[Records for this exercise Boundary: Start]
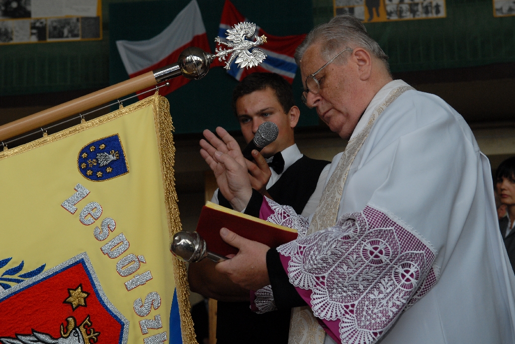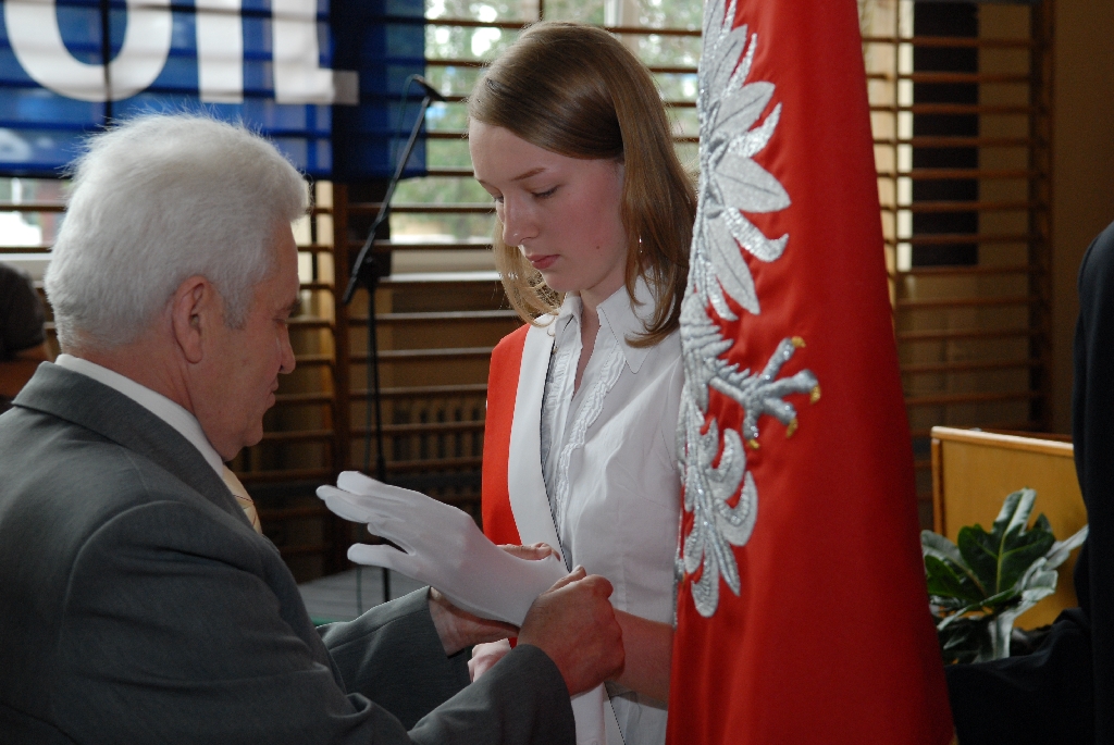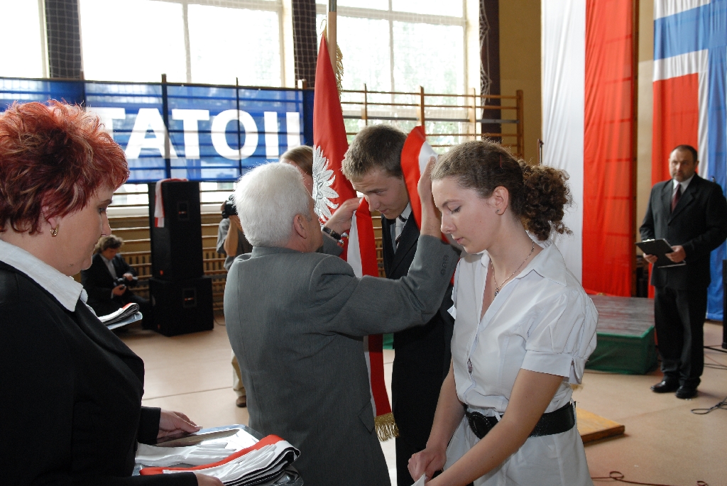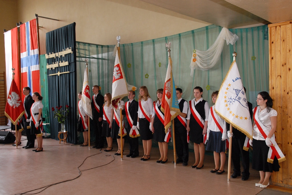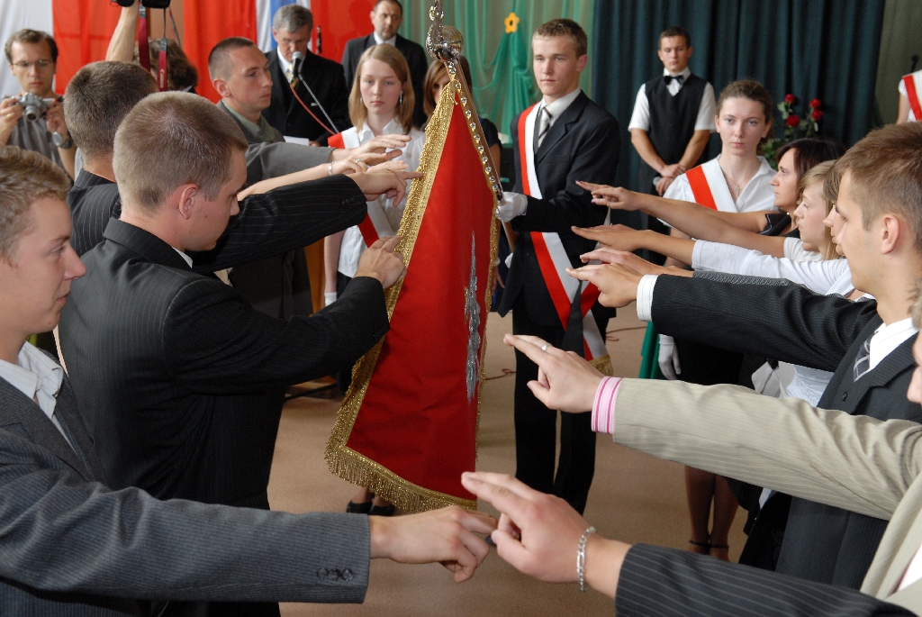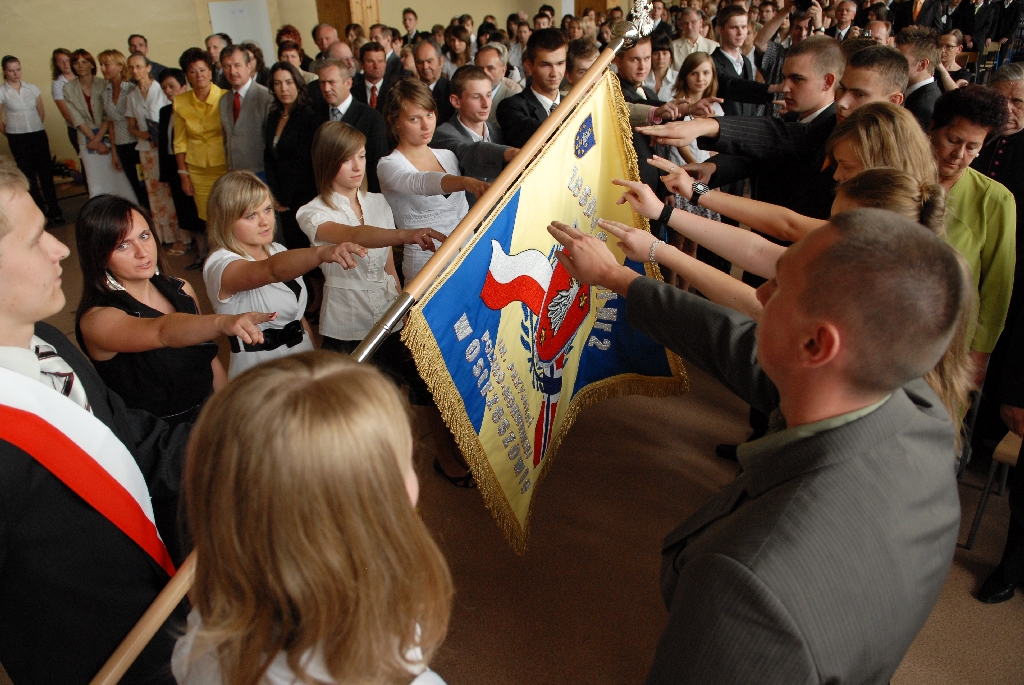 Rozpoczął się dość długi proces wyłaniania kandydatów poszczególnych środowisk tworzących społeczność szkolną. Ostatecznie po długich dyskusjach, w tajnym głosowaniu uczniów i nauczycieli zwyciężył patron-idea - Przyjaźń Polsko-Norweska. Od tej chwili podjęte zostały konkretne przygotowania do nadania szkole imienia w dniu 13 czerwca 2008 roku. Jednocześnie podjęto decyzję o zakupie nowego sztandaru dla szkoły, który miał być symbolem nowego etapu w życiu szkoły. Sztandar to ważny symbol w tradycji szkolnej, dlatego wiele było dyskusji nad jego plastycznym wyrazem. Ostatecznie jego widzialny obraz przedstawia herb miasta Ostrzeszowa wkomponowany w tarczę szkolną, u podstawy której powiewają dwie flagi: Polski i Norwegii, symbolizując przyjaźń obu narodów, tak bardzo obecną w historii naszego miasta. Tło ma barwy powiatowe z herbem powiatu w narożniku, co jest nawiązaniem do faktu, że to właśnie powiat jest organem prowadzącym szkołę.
[Records for this exercise Boundary: End]
[Records for this exercise Boundary: Start]
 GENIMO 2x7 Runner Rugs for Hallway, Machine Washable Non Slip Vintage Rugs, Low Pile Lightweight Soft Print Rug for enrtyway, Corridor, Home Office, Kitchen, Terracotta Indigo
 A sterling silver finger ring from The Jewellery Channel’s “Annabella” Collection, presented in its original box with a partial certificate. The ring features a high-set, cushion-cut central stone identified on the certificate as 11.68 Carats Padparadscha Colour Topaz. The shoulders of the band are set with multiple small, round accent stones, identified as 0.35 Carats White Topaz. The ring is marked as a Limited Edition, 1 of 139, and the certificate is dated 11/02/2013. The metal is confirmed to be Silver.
[Records for this exercise Boundary: End]
> [Your goal]:
Above are records; repeat only the lines starting at the line with "GENIMO 2x7 Runner" and ending at the line with "A sterling silver", exactly as they appear, both included.

> [Task result]:
 GENIMO 2x7 Runner Rugs for Hallway, Machine Washable Non Slip Vintage Rugs, Low Pile Lightweight Soft Print Rug for enrtyway, Corridor, Home Office, Kitchen, Terracotta Indigo
 A sterling silver finger ring from The Jewellery Channel’s “Annabella” Collection, presented in its original box with a partial certificate. The ring features a high-set, cushion-cut central stone identified on the certificate as 11.68 Carats Padparadscha Colour Topaz. The shoulders of the band are set with multiple small, round accent stones, identified as 0.35 Carats White Topaz. The ring is marked as a Limited Edition, 1 of 139, and the certificate is dated 11/02/2013. The metal is confirmed to be Silver.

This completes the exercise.